Unfortunately, journalists are far from the only newspaper workers being hurt as technology forever changes, or kills, jobs. A brazen misassumption in the early years of the internet was that the web would have little effect on newspaper advertising.

No one predicted Craigslist, let along Google, Facebook, and the myriad other high-tech means of separating revenue from content. Google is particularly infuriating to me, so far removed from its “Don’t Be Evil” beginnings. Today, it is a multi-billionaire parasite, using its wealth and power to gain more wealth and power while fighting against compensating the content creators they exploit.

“Tell us to stop searching your sites,” they tell news organizations that complain. I think it’s time for publishers to call their bluff.
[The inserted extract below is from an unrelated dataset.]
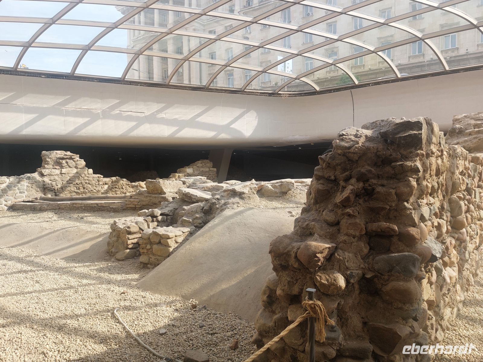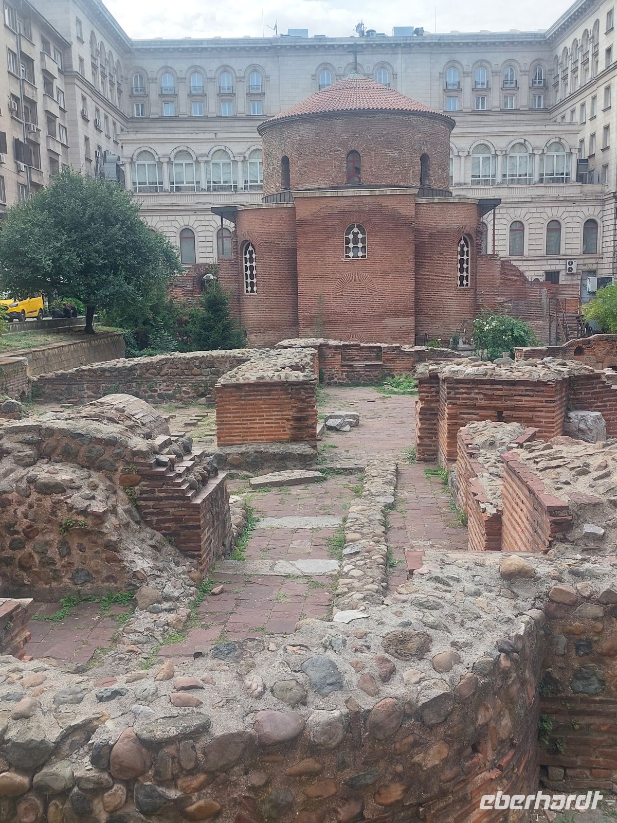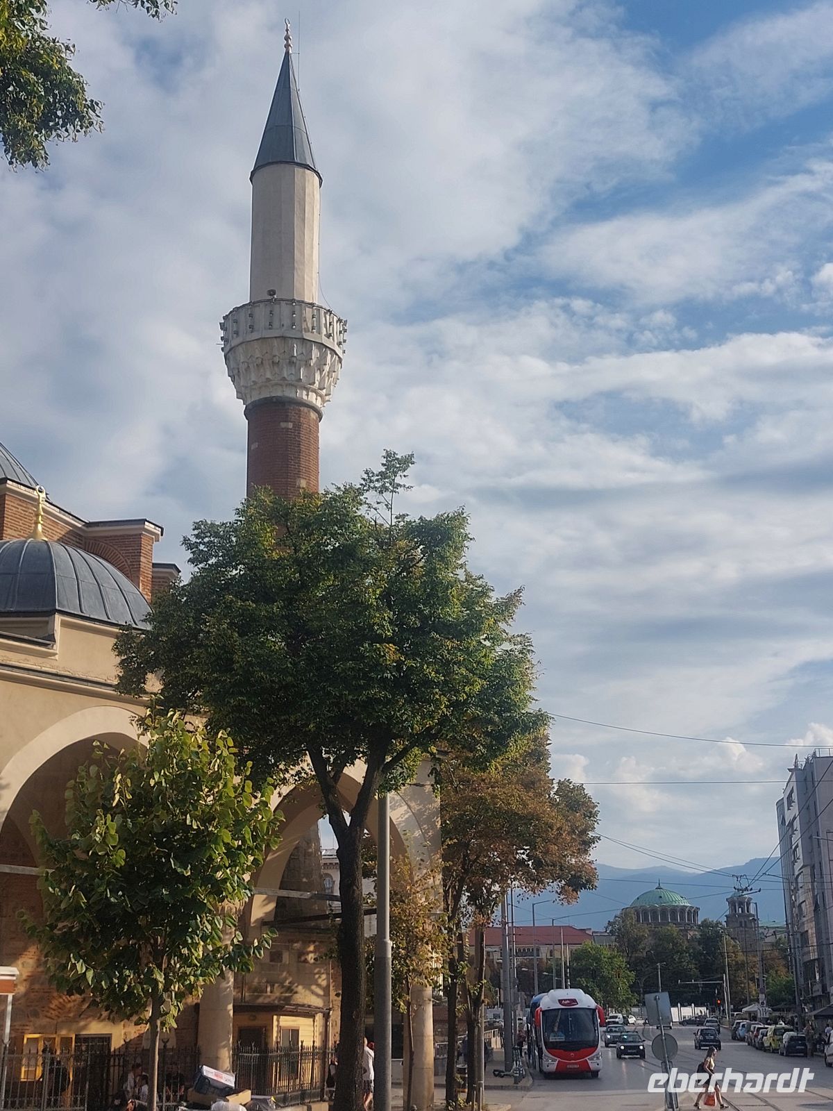 Nach der Mittagspause begannen wir gestärkt unseren Stadtspaziergang. Zuerst gingen wir zur Wachablösung vor dem Präsidentenpalast. Nach der Zeremonie besuchten wir im Innenhof die Rotunde des heiligen Georges, einer kleinen, sehr alten Kirche. Dann zeigte uns Corina einige Ausgrabungen aus dem 6. und 7. Jahrhundert, die im Zusammenhang mit dem Bau der Metro freigelegt und jetzt in die Unterführungen mit eingebunden wurden. Wir erreichten das im 19. Jahrhundert erbaute architektonische Wunderwerk und Heiligtum Bulgariens, die Alexander-Newski-Kathedrale. Sie gilt als Symbol für das reiche orthodoxe Erbe der Stadt Sofia. Corina erklärte uns am Beispiel des Altars der Kirche, wie dieser bei den Orthodoxen immer mit 2x2 Bildern aus dem Leben Jesu gleichgestaltet sind. Vorbei am ehemaligen Königspalast, der heute ein Kunstmuseum beherbergt, der Katholischen Kirche und der Synagoge waren wir um 18:00 Uhr wieder am Bus. Von hier hatte man auch einen guten Blick auf das Sofia umgebende Vitosha Gebirge.

Some in the media have fantasized about a separate search engine or portal, where visitors would either pay for content up front or advertising revenue would be returned to the content creators. I’m not sure why no one is seriously talking about this yet. Like our name change, it’s past time.

The irony is that even Google needs us to succeed in our fight to save paid journalists and journalism. Well researched, accurately reported, reliable information is the common denominator, whether we’re talking about a search engine’s profits or our democracy’s survival.

NewsGuild-CWA plans to be part of those conversations for many years to come.